1. Design principles of low power consumption of single-chip microcomputer system

(1) The principle that the CPU core should be simple: In the design of single-chip microcomputer system, the choice of CPU cannot blindly pursue performance. An 8-bit machine is enough, and the principle of enough is enough must be followed. With the development of science and technology, the current single-chip microcomputer runs faster and faster, but the continuous improvement of performance will definitely bring energy consumption. A relatively complex CPU must also have a high degree of integration. Because there are many transistors on the chip, the total leakage current will increase, so when the device is in the stop state, leakage will also occur. Therefore, the choice of CPU should be simple and practical. Reduce power consumption and can reduce costs.

(2) The principle of "enough is enough" for the voltage system: reducing the power supply voltage of the single-chip microcomputer can reduce the power consumption very well. At present, the power supply voltage of the single-chip microcomputer has dropped from the original 5V to 1.8V. Low-voltage power supply can effectively reduce the system operating current, but because the size of transistors is constantly decreasing, this is also a very disadvantageous aspect of reducing power consumption. Therefore, you must be careful when choosing a low-voltage system. Other electronic components in the system must work properly at low voltages. In this way, the problem of low power consumption of the system can be solved to a great extent.
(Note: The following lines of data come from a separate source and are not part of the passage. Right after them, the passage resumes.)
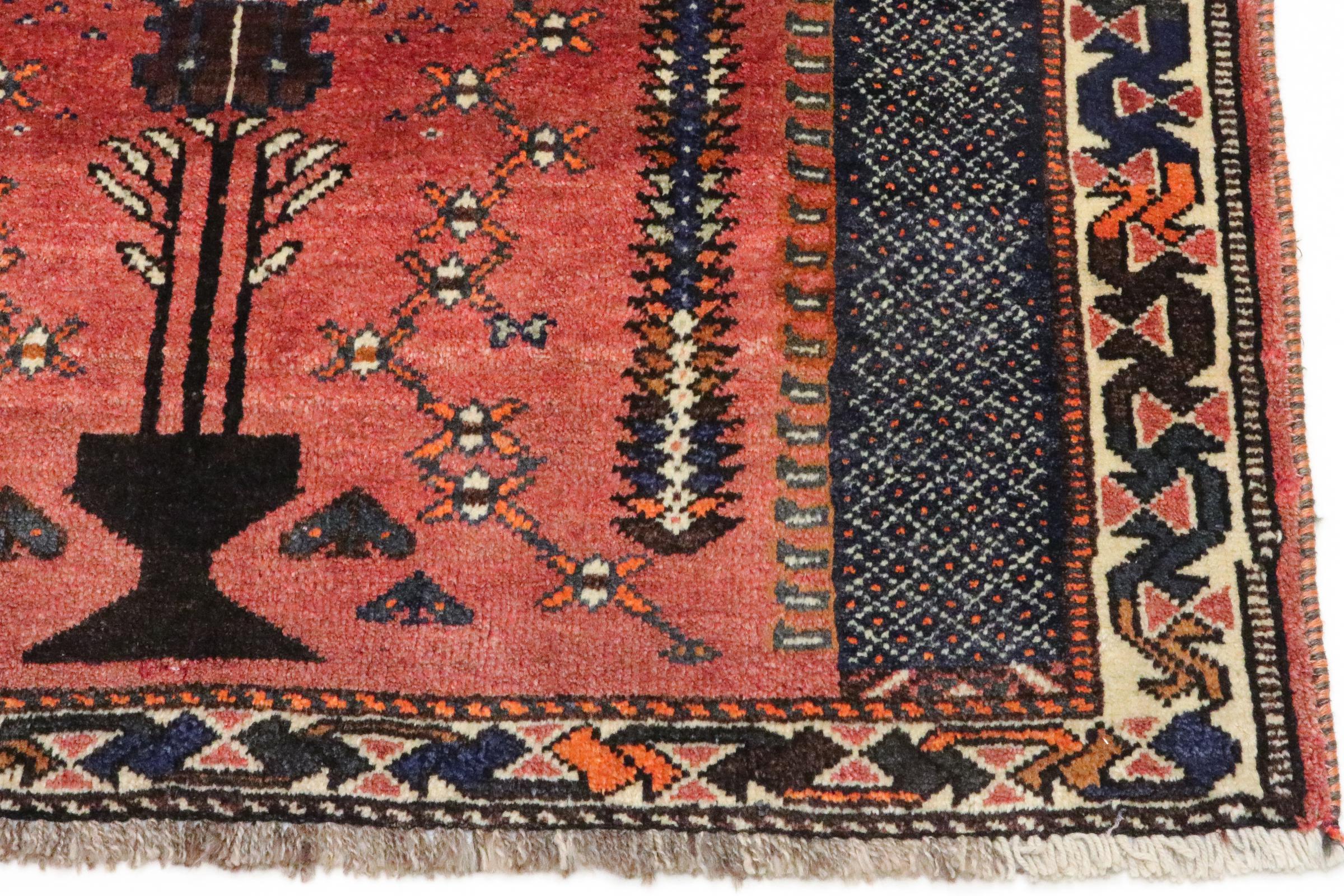 Este tapete pertence a tapetes de aldeia e nómadas do Irão, antiga Pérsia. Este tipo de tapete é atado à mão em cidades mais pequenas e aldeias da velha tradição. Mesmo os nómadas ainda atam tapetes persas ao ar livre. Os tapetes são atados sem padrão e completamente a partir da cabeça. Caracterizam-se por ornamentos clássicos, dispostos em padrões rectos e geométricos. Graças à sua origem cultural-tradicional, estes tapetes têm um carácter único que encarna a antiga Pérsia.
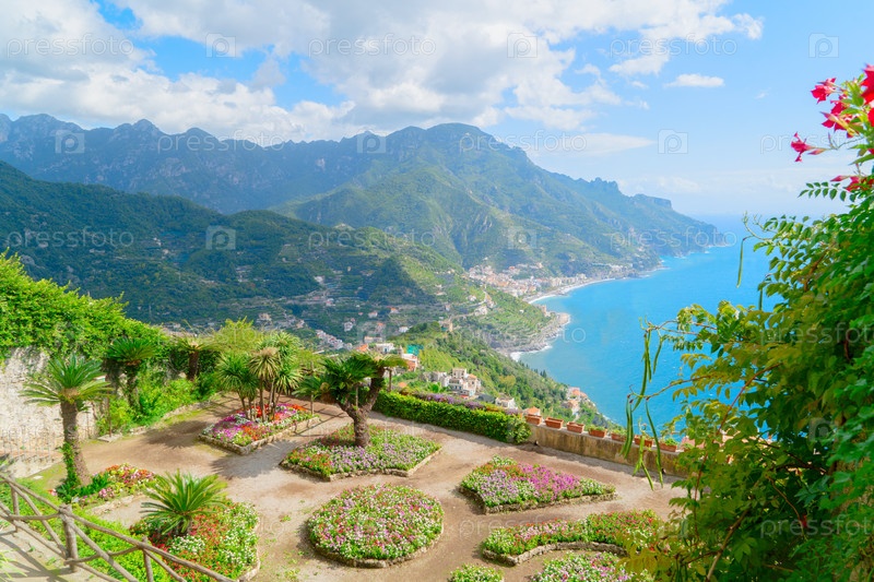 Деревня Равельо с церквями над морем, побережье Амальфи в Италии
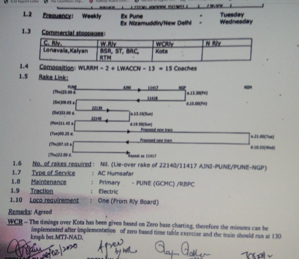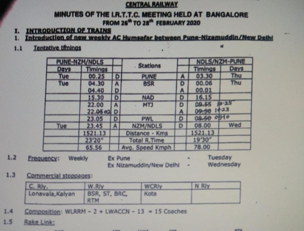 14 : नई गाड़ी पुणे निजामुद्दीन पुणे के बीच एक नई साप्ताहिक हमसफ़र एक्सप्रेस शुरू की जा रही है। यह गाड़ी पुणे से दिल्ली के बीच यात्रिओंकी बेहद माँग के ऊपर मिली है, लेकिन गाड़ी के टाइमिंग्ज को देखते हुए आसानी से समझ आता है की गाड़ी दिल्ली वालोंके लिए सुटेबल है, पुणेकर के लिए नही खैर। पुणे दिल्ली के बीच पहले भी एक वातानुकूलित साप्ताहिक गाड़ी चलती है जिसे हरिद्वार तक विस्तारित किया जा रहा है इसीलिए एक गाड़ी इस रुट के लिए मिल गयी। परिचालन का कुल समय बढ़िया है। यह गाड़ी की खास बात यह है, कुछ सेक्शन में यह गाड़ी 130 kmph से चलाई जाने वाली है।
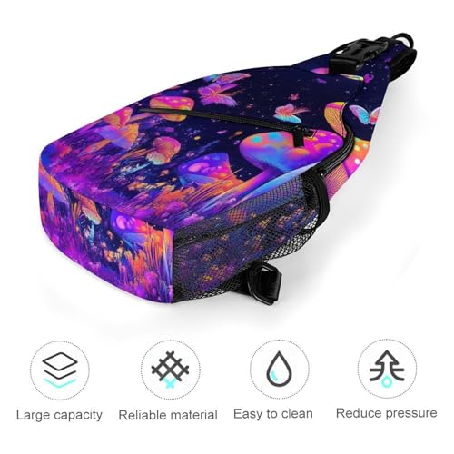 HOT ! Fashion Chest Pack Travel Shoulder Bag, Trippy Magical Mushroom Starry Night Art Purple Small Cross Body Sling Bag For Women Men
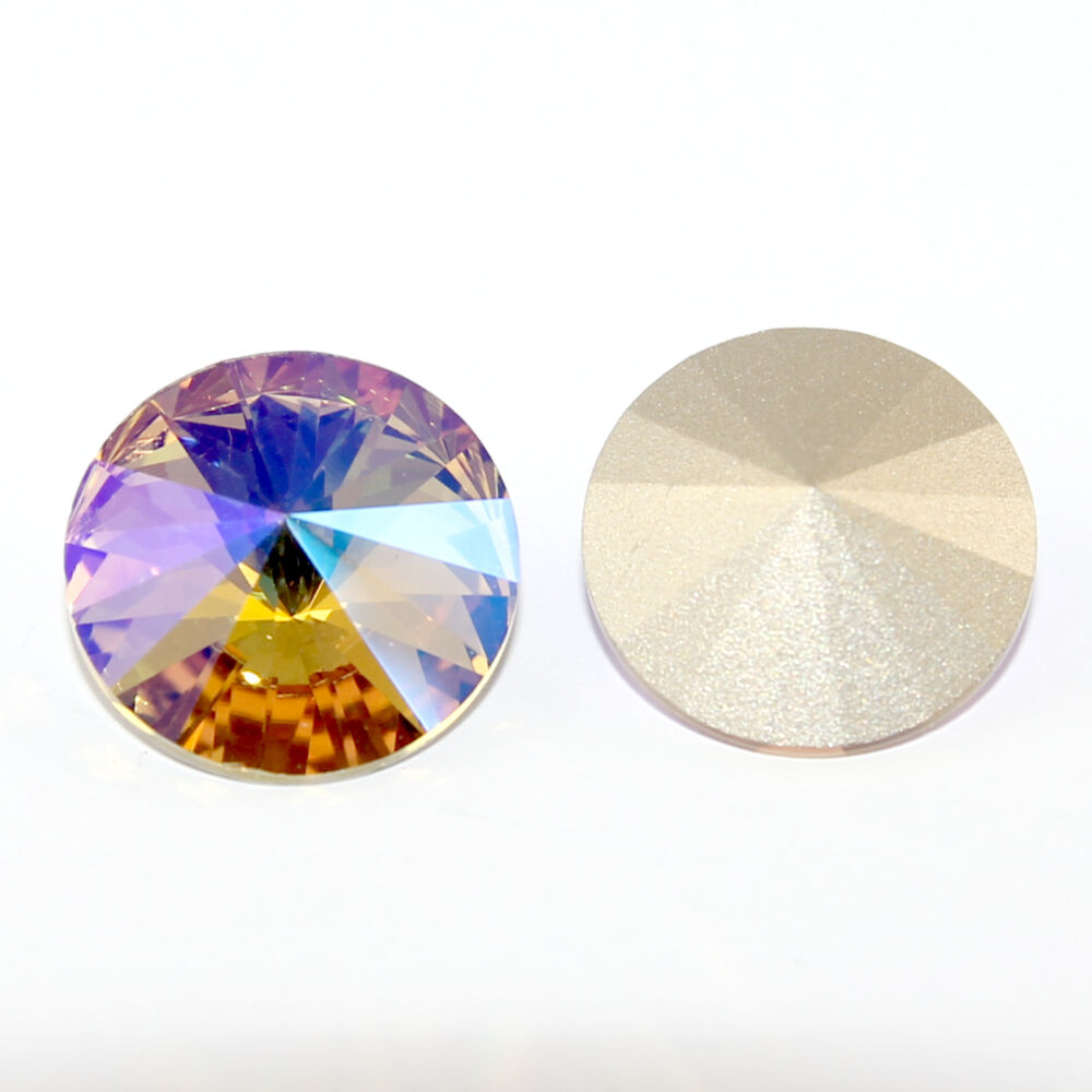 Style - Rivoli 1122 Size - 18mm Colour - Paradise Shine Rivoli stands for simplicity and elegance. The sharp lines of this cut form a geometric pattern with high-precision faceting that results in a subtle yet clear brilliance. Its elegant appeal make the Rivoli Round Stone a true classic that works both in simple and intricate design pieces. With its modern yet distinctive sparkle, the Rivoli Round lends a certain level of sophistication to every look. This stone is perfect to use in hand sewing / weaving designs, capturing in filagrees / wire wrapping, setting in crystal / metal / polymer clay. These stones are made from glass with a foil backing, we recommend that you seal the foil backing prior to use.
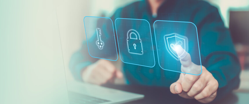 Businessman secures data with encryption and network security, protecting transactions. Cybersecurity for online business, data privacy, and defense against cyber attacks.
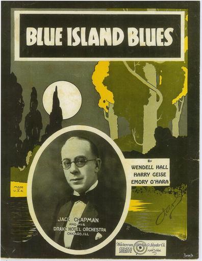 Keywords: Blue Island Blues.JPG Blue Island Blues sheet music cover with insert photo of Jack Chapman bandleader at the Drake Hotel Chicago Cover of sheet music published by Waterson Berlin and Snyder Publishing 1923 Wendell Hall Harry Geise Emory O'Hara Sheet music cover artwork signed Barbelle PD-Art disputed Music in 1923 Sheet music covers of New York City Blue Island Illinois 1923 in Illinois Drake Hotel Chicago Albert Wilfred Barbelle |
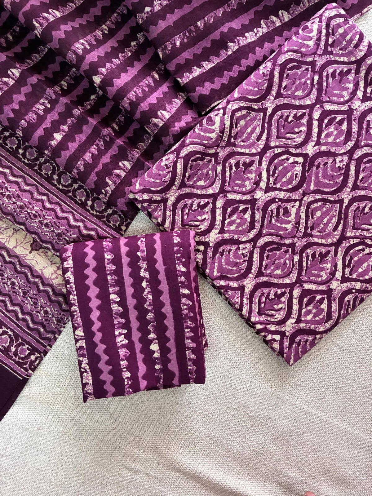 Designer Hand Block Print Cotton Suit Set with Mulmul Dupatta(WACOTMU115)

(3) The principle of selecting low-power circuits: In the design of single-chip low-power systems, it is necessary to choose circuits that maintain high efficiency under low power consumption. At present, most low-power systems use HCMOS integrated circuits, which can integrate many The integrated circuits are joined together in one package. This reduces bus capacitance, allowing more signals to be accommodated. In addition, reducing the frequency of the crystal oscillator can also effectively reduce the current of the whole machine, but the reduction of the frequency of the crystal oscillator will sometimes affect the operating speed of the system, which will be limited by the timing of the external circuit, the frequency of counter measurement, and the frequency of serial communication. When selecting the frequency value, the working speed of the system information processing must be taken into consideration.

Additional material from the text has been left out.